Não havia mesmo outro jeito. O negócio era assumir logo de uma vez, tentar fazer tudo bonito e direito.

Comi rapidamente no almoço. Engoli quase inteiros os alimentos. Engasguei com as espinhas de mandiúva. Pus-me a escrever afoitadamente. Aumentei. Criei quatro novos versos:

Os homens era teimosos
E o donos deles era bravo,
Por isso a linda Isabel
Soltou tudo os escravo.

Reli os versos antigos, e achei que deveriam ficar por último, para encerrar a declamação com o Viva a Princesa Isabel.

Ao meu poema dei um título: Santa Isabel. Assim ficou:

Santa Isabel

Os homes era teimosos,
E os donos deles era bravo,
Por isso a linda Isabel
Soltou tudo os escravo.

Foi boa que nem um doce,
E parecia um mel,
Acho que é irmã de Deus,
Viva a Princesa Isabel.

Dentro de meia hora, havia decorado tudo.

Daí comecei a declamar pausadamente. Às vezes, começava do fim e voltava para o começo. Tudo certinho: nem um pulo nas frases, nem um gaguejar, nada.

No dia seguinte, coloquei meus escritos sobre a mesa para a apreciação da professora. Ela os pegou, leu, fez as correções ortográficas, como, por exemplo, colocando ns no final da palavra homens, concordou os adjetivos, etc.

E me devolveu:

– Decora, que amanhã você recita, certo?

Não contei que tudo estava na ponta da língua.

A festa seria depois do recreio, na manhã seguinte.

Já no momento em que entramos na classe, ela se pôs a falar sobre a data:

– Hoje, comemoramos a libertação dos escravos. Escravos eram negros que vinham da África. Aqui eram forçados a trabalhar e, pelos serviços prestados, nada
recebiam. Eram amarrados nos troncos e espancados, às vezes, até a morte. Quando...

E foi ela discursando, por uns quinze minutos.

Vi que a narrativa da professora, não batia com a que nos fizera a Vó Rosária. Aqueles escravos da Vó Rosária eram bons, simples, humanos, religiosos.

Esses apresentados então eram bobos, covardes, imbecis. Não reagiam aos castigos, não se defendiam, ao menos.

Quando dei por mim, a classe inteira me olhava com pena ou sarcasmo. Eu era a única pessoa dali representando uma raça digna de compaixão, desprezo.

Quis sumir, evaporar, não pude.

Apenas pude levantar a mão suada e trêmula, pedir para ir ao banheiro. Sentada no vaso, estiquei o dedo indicador e no ar escrevi: lazarento. Era pouco. Acrescentei: morfético. Acentuei o e do f e voltei para a classe.

No recreio, a Sueli veio presentear-me com uma maçã e a Raquel, filha do administrador da fazenda, ofereceu-se para trocar o meu lanche de abobrinha abafada pelo dela, de presunto e mussarela.

Não os comi, é claro. A compensação desvalia. Não era como o leite que, derramado, passa-se um pano sobre e pronto.

Era sangue. Quem poderia devolvê-lo... Vida?
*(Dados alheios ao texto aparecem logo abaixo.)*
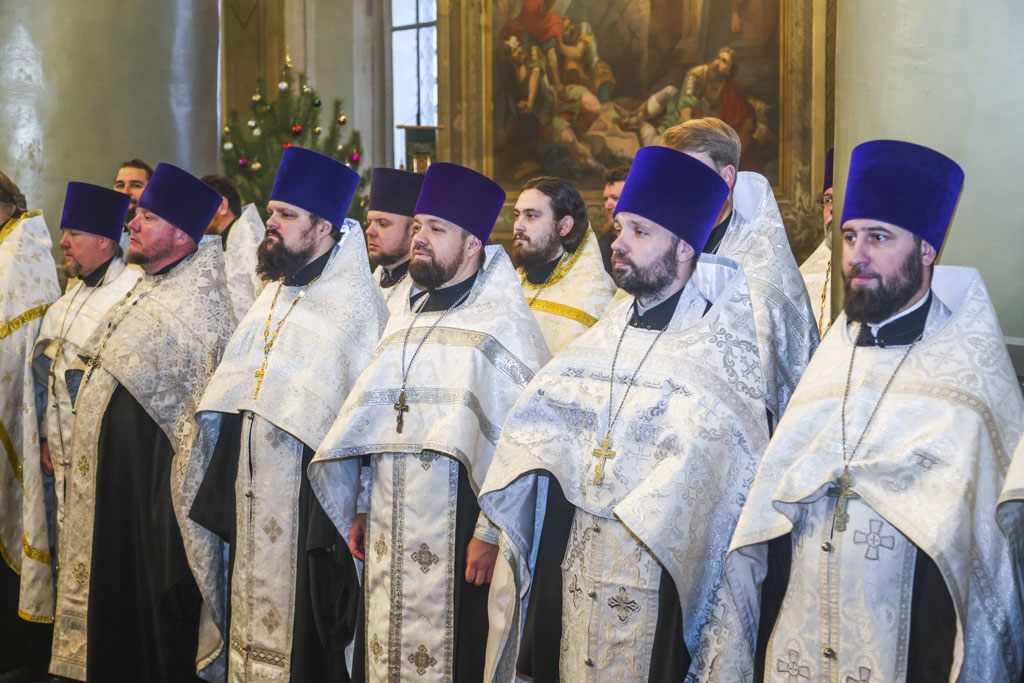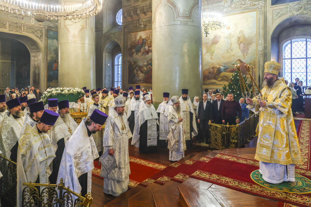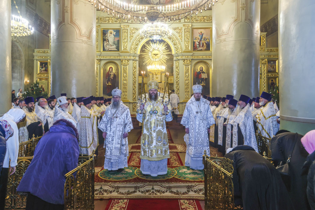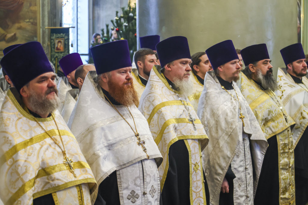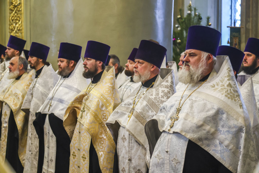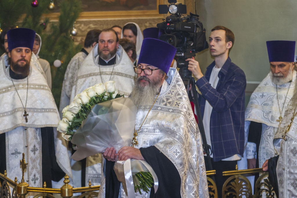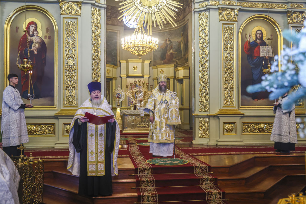 После чтения Евангелия клирик Спасо-Преображенского кафедрального собора протоиерей Виктор Лисюнин огласил Рождественское послание митрополита Тамбовского и Рассказовского Феодосия архипастырям, пастырям, монашествующим, всей богоспасаемой пастве Тамбовской митрополии.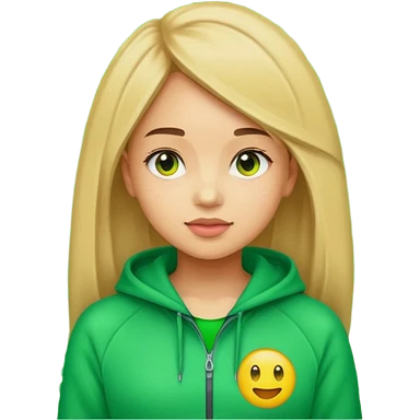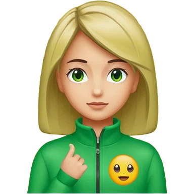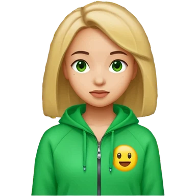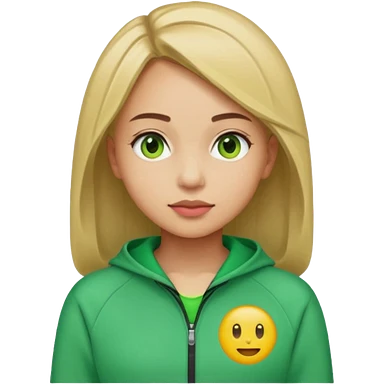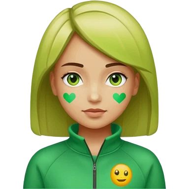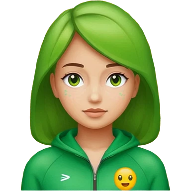 "A mosaic portrait of a girl in a green tracksuit, made of tiny emojis, digital art style, pixelated emoji textures, vibrant colors, creative composition." emoji

Que se enxugasse o fino rio a correr mansamente. Mas como estancá-lo lá dentro, onde a ferida aberta era um silêncio todo meu, dor sem parceria?

 

* * *

 Na hora da festa, estava um trapo.

No entanto, não me preocupavam mais os erros ou acertos, sucessos ou insucessos. Era a vergonha que me abatia. Pensava que era a grande da classe, só por ser a única a fazer versos. Quantas vezes deviam ter rido de mim, depois das minhas tontices em inventar cantigas de roda... Vinha mesmo era de uma raça medrosa, sem histórias de heroísmo. Morriam feito cães. Justo era mesmo homenagear Caxias, Tiradentes e todos os Dons Pedros da história. Lógico. Eles lutavam, defendiam-se e a seu país. Os idiotas dos negros, nada.

Por isso que o meu pai tinha medo do seu Godoy, o administrador, e minha mãe nos ensinava a não brigar com o Flávio. Negro era tudo bosta mesmo. Até meu pai, minha mãe.

Por isso é que eu tinha medo. O filho puxa o pai, que puxa o avô, que puxou o pai dele, que puxou. ... eu, consequentemente, ali, idiota, fazendo parte da linha.

Caí em mim com a professora falando:

– Esqueceu? Não faz mal. Na outra festa, você recita. Logo chega o dia de Anchieta, do Soldado... Vamos sentar. Não tem importância.

Levou-me com cuidado e me fez sentar numa cadeira ao lado dos outros professores, na frente. Eu sentia muito sono e sede. Estranhei o fato do meu coração estar quieto, sem saltar para a garganta.

Apalpei o pescoço de todas as maneiras. Já ia verificar se estava no peito, mas desisti. Será que ele morreu?

“Pro inferno. Se quiser morrer, que morra”, pensei, olhando a sujeira do nariz que saiu preguiçosa e caiu sobre as pregas estreitas da sainha azul novinha, novinha.

Naquele dia ninguém correu na volta para casa.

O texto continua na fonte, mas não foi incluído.